BC Books Online was created for anyone interested in BC-published books, and with librarians especially in mind. We'd like to make it easy for library staff to learn about books from BC publishers - both new releases and backlist titles - so you can inform your patrons and keep your collections up to date.
Our site features print books and ebooks - both new releases and backlist titles - all of which are available to order through regular trade channels. Browse our subject categories to find books of interest or create and export lists by category to cross-reference with your library's current collection.
A quick tip: When reviewing the "Browse by Category" listings, please note that these are based on standardized BISAC Subject Codes supplied by the books' publishers. You will find additional selections, grouped by theme or region, in our "BC Reading Lists."
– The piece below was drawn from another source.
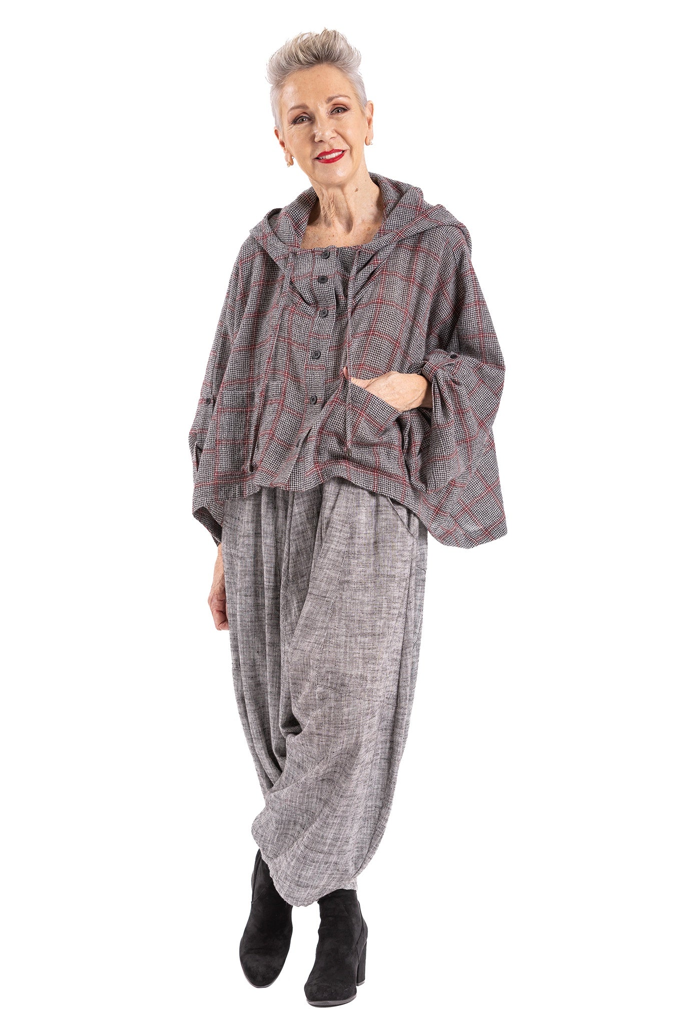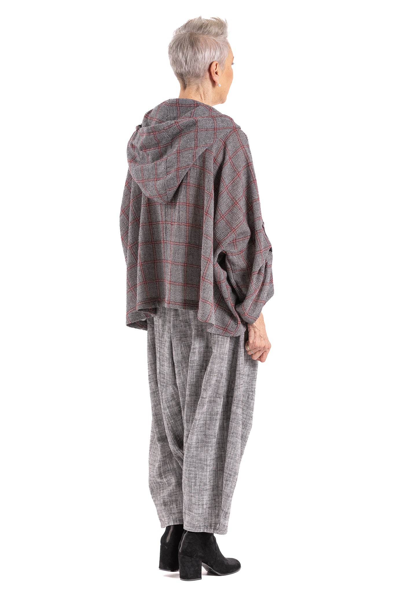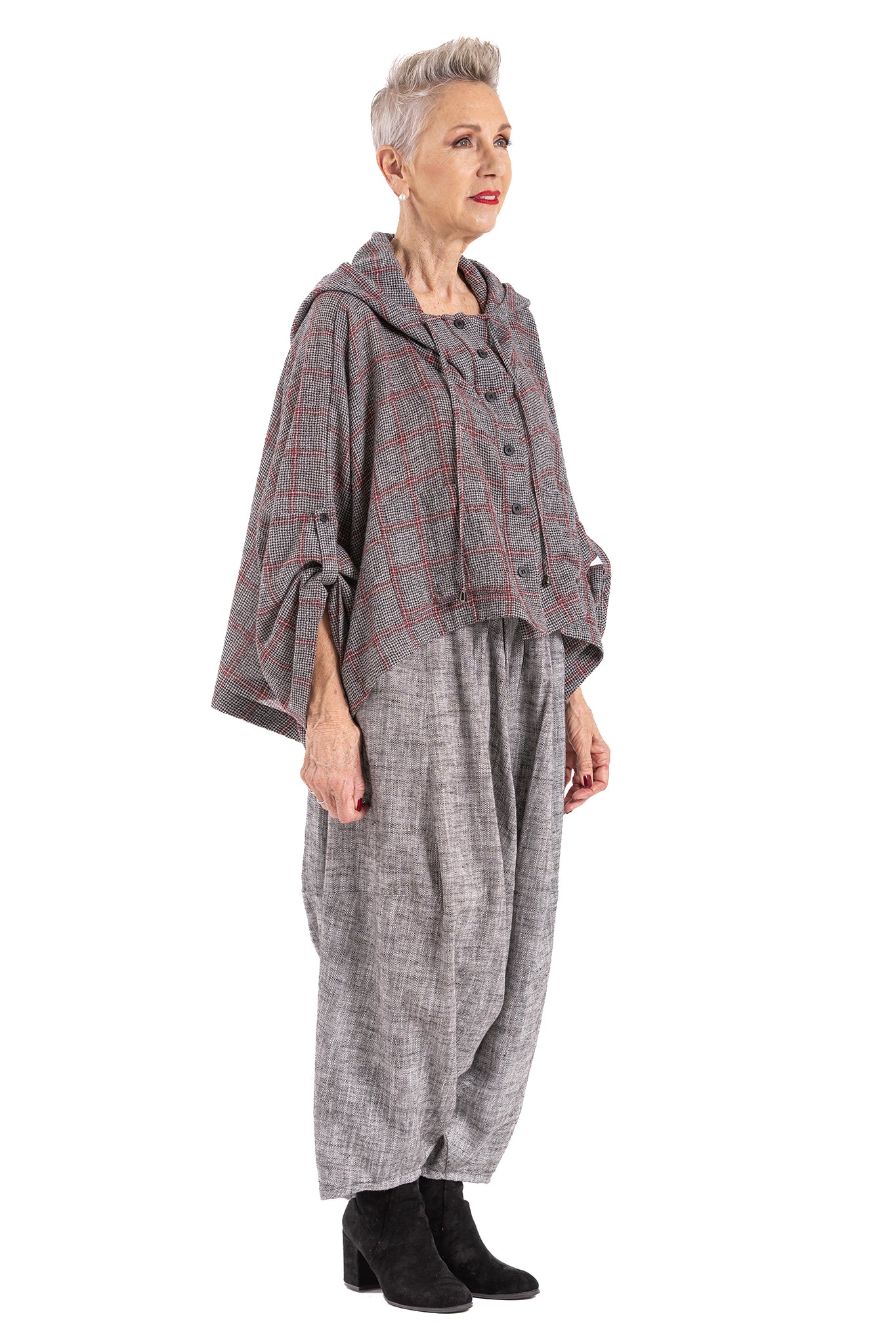 Cropped block-style Hoodie with flattering scoop hem. Buttons at centre front for closure. Patch pockets. Only 10 garments produced in a beautiful luxurious Japanese-made Wool.

Down the Road to Eternity: New & Selected Fiction is a collection of M.A.C. Farrant’s work dating from 1985 to 2009. Compiled of selected fiction from Sick Pigeon (1991), Raw Material (1993), Altered Statements (1995), Word of Mouth (1996), What’s True, Darling (1997), Darwin Alone in the Universe (2003) and The Breakdown So Far (2007), it includes her complete new suite of 18 stories, The North Pole, where our individual existence is bludgeoned by the threat of “end times”—climate change, species extinction, pandemics and really bad politics. Each of these stories is an ongoing instance of the author’s attempt at understanding language ironically, a search for the strikingly sublime in the awesomely absurd.
Objective reality in our culture has become a corporate performance of make-believe, and the disassociation and confusion this causes in our private lives often triggers uncontrollable tragi-comic effects in Farrant’s characters—a vacuous lethargy and/or a destructive violence they act out in a context of the most excruciatingly bright banalities imaginable.
Satiric and philosophical in approach, indelibly marked by wit, humour, irony, playfulness, a blend of parody and science fiction, irreverent analysis and comic existentialism, these stories celebrate the literary imagination as an antidote to the stranglehold the popular media now has on the public’s imagination. Yet as in all such relentlessly absurdist dystopian social parodies, there resides behind each of these brief entertainments a stifled scream for help, a trapped yearning for the awe and wonder of what we have become estranged from, an arrested lust for meaning.
Unsparing in her critique of the branded New Age syncretism our global culture has substituted for authentic human emotion and particular belief, these hilariously off-side stories navigate Farrant’s exploration of the relation of fiction to the evolving construction of reality in our media and information age.
M.A.C. Farrant
M.A.C. Farrant is the acclaimed author of nine previous collections of satirical and humourous short fiction, and two works of non-fiction. Farrant’s work is infused with acerbic wit and iconoclastic innovation. As the Globe & Mail has noted, “Farrant is better at startling us with unnerving, often misanthropic visions of everyday life than perhaps any other Canadian writer”.
“Farrant has a lightness of touch, and her writing is not too charmed by its own cleverness; she achieves something quite tricky there. With an eye to the world that is somewhat aslant, her stories cannot nestle neatly into the forms usually associated with realism, and the formats she chooses are refreshing: at her best, it feels as if she is getting at the heart of something that takes other writers much longer to lead us to.” — Canadian Literature
“M.A.C. Farrant is a trapeze artist of the imagination, swinging over the existential void.”
— BC Bookworld
“Farrant, it appears, will offer satire, surrealism and silliness to guide us through the rogue waves of reality toward a shore called Meaning. The stories are full of changing ideas and scenarios, and contain worlds. The reader might want to pick at these stories slowly, however, as they are extremely rich.”